The court began by noting that the practice of pharmacy is state-governed, and that the States, including Florida, regulate compounding as part of their regulation of pharmacists. The court then provided an overview of the FDA’s history of regulating traditional pharmacy compounding, noting that for over a half-century after enactment of the FDCA, the FDA did not assert authority to regulate such practices. Among many factors and issues, Judge Corrigan took particular note of the FDA’s regulatory inconsistencies, pointing out that according to the FDA’s desired logic, “A pharmacist who compounds medication from bulk for ingestion by a horse is akin to a manufacturer and subject to an FDA enforcement action, while the same pharmacist compounding medication from bulk for ingestion by the human rider of that horse is not.”

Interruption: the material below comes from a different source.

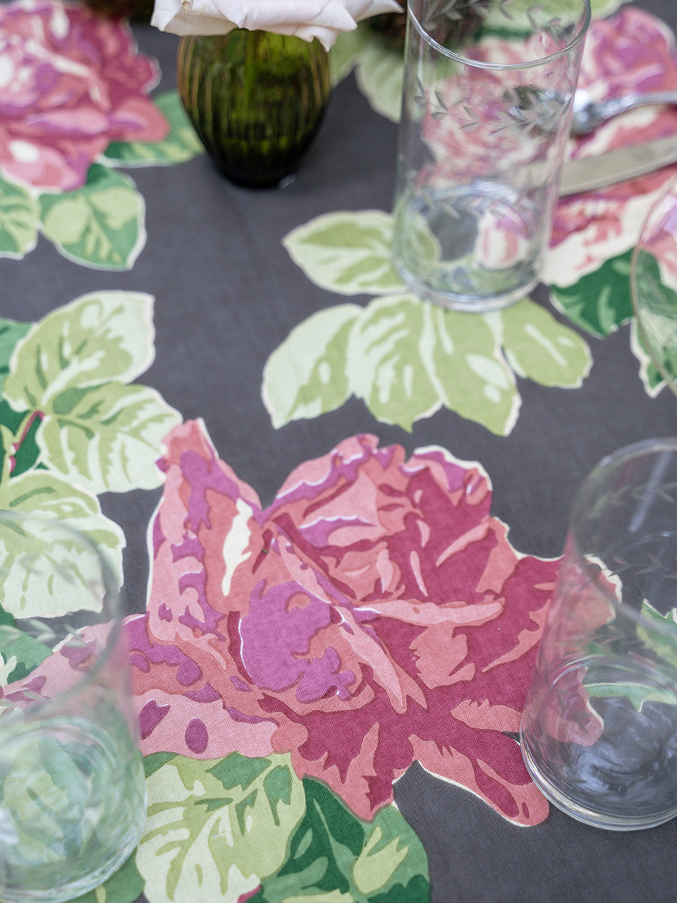 A new signature print! Inspired by an antique French textile with exquisitely rendered large-scale roses and crafted from our classic cotton on a charming mocha ground.

In the end, the court held that the FDA lacked jurisdiction to regulate the compounding of animal prescriptions by a licensed veterinarian in the context of a valid pharmacist-prescriber-patient relationship. Clearly, this decision has implications for both animal and human compounders as it narrows the scope of what the FDA can regulate as the manufacturer of drugs. With this ruling compounding pharmacies in Florida preparing animal drugs pursuant to valid prescriptions will no longer have to worry about scrutiny from the FDA for engaging in this practice.

UPDATE:

On October 18, 2012, the U.S. government and Franck’s Lab, Inc. filed a Joint Motion to Vacate and Dismiss as Moot in the appeal in U.S. v. Franck’s Lab, Inc., et al.  As noted above, U.S. v. Franck’s Lab, Inc. was a seminal decision in the pharmacy world because it severely limited the FDA’s authority to regulate compounding pharmacies when they engaged in traditional compounding practices, and supported the conclusion that a pharmacist could compound from bulk ingredients.  In July 2012 during the pendency  of the appeal brought by the U.S. government, however, Wells Pharmacy Network, LLC acquired Franck’s compounding business through an asset sale, and Paul Franck executed a seven-year non-competition agreement with Wells that prohibits him from engaging in any compounding that would compete directly or indirectly with Wells. As a result, Franck’s Lab and Mr. Franck were no longer engaging in compounding practices, nor would they be returning to any of the compounding practices which the government contended were improper, and hence, the parties viewed the case as moot.  Notably, in the joint submission from the parties, in addition to dismissing the appeal and the complaint, the parties also agreed to vacate the underlying order (i.e., the September 19, 2011 decision and opinion from the U.S. District Court for the Middle District of Florida, Ocala Division). As a result of this joint dismissal, the continued validity of that decision is severely discounted since it was dismissed altogether before the completion of the appeals process. This calls into question whether the favorable decision in U.S. v. Franck’s Lab, Inc. is still “good law.” Based on the logical reasoning employed by Judge Corrigan and the law relied upon in writing the opinion, we believe that another court interpreting the same issue could likely come out the same way, irrespective of the fact that the opinion was vacated. Nevertheless, the future of the law in this area, particularly in light of the recent meningitis outbreak tied NECC, will surely be called into question with this order having been vacated.